Lithium–air batteries have long been touted as the next big breakthrough in energy storage, with the potential to surpass conventional lithium-ion batteries in terms of energy storage capacity. However, despite their theoretical advantages, practical applications of these batteries have been limited by issues such as short lifespan and low performance values.
A recent study conducted by a team of researchers from China may have found a solution to these challenges. By introducing a soluble catalyst into the electrolyte of lithium–air batteries, the team was able to improve the batteries’ performance and lifespan significantly.
In traditional lithium-ion batteries, lithium ions move back and forth between two electrodes. In contrast, lithium–air batteries use a metallic lithium anode and a porous cathode with air flowing through it. As the battery is discharged, lithium ions dissolve and move to the cathode, where they react with oxygen to form lithium peroxide. Upon charging, the oxygen is released, and the lithium ions are reduced back to metallic lithium.

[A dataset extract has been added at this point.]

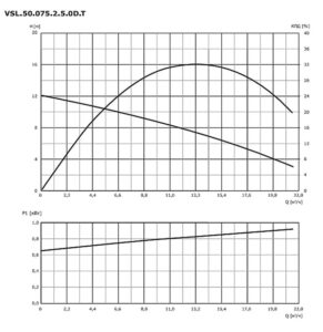 Погружной насос с закрытым рабочим колесом, кольцевым основанием для свободной установки, напорным патрубком DN50, поставляется в комплекте с кабелем длиной 10 метров со свободным концом. Насос оснащен трехфазным (3×380 В) асинхронным двигателем, класс защиты IP68, класс изоляции Н (180 °С), максимальное количество пусков в час — 20. Погружной насос для горячей воды VSL-T укомплектован высококачественным кабелем, механическим уплотнением, уплотнительными кольцами, подшипниками NSK, которые могут выдерживать высокие температуры до 95 °С. Колено (переход) входит в комплект насоса.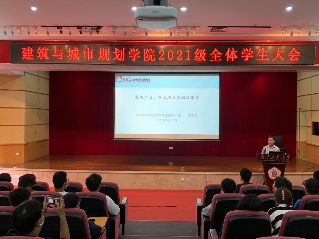 在图书馆8楼报告厅召开2021级新生班委培训会议,学院党委副书记李晓伟、2019级建筑学2班学生刘奕华和2021级全体班委参加会议,会议由学院2021级辅导员贾朝强主持。

One of the main issues with lithium–air batteries is the phenomenon of overpotential, which slows down the electrochemical reactions. The formation and decomposition of lithium peroxide are slow processes, and the conductivity of the compound is low. Additionally, the pores of the cathode can become clogged, and the high potential required for the formation of oxygen can lead to the decomposition of the electrolyte and unwanted side reactions.
The team led by Zhong-Shuai Wu and Xiangkun Ma proposed the addition of a novel imidazole iodide salt to the electrolyte to act as a catalyst and redox mediator. The iodide ions in the salt can easily react to transfer electrons to oxygen, accelerating the reactions and reducing the overpotential of the cathode. The DMI+ ions from the salt can effectively capture lithium ions during discharge and transfer them to the oxygen at the cathode. Additionally, the DMI+ ions form a stable interface film on the anode, preventing direct contact between the electrolyte and the lithium surface.
The team’s electrochemical test cells showed promising results, with low overpotential, high cycle stability, and reversible formation/decomposition of lithium peroxide with no side reactions. This breakthrough could pave the way for the commercialization of lithium–air batteries and help to usher in a new era of high-performance energy storage solutions.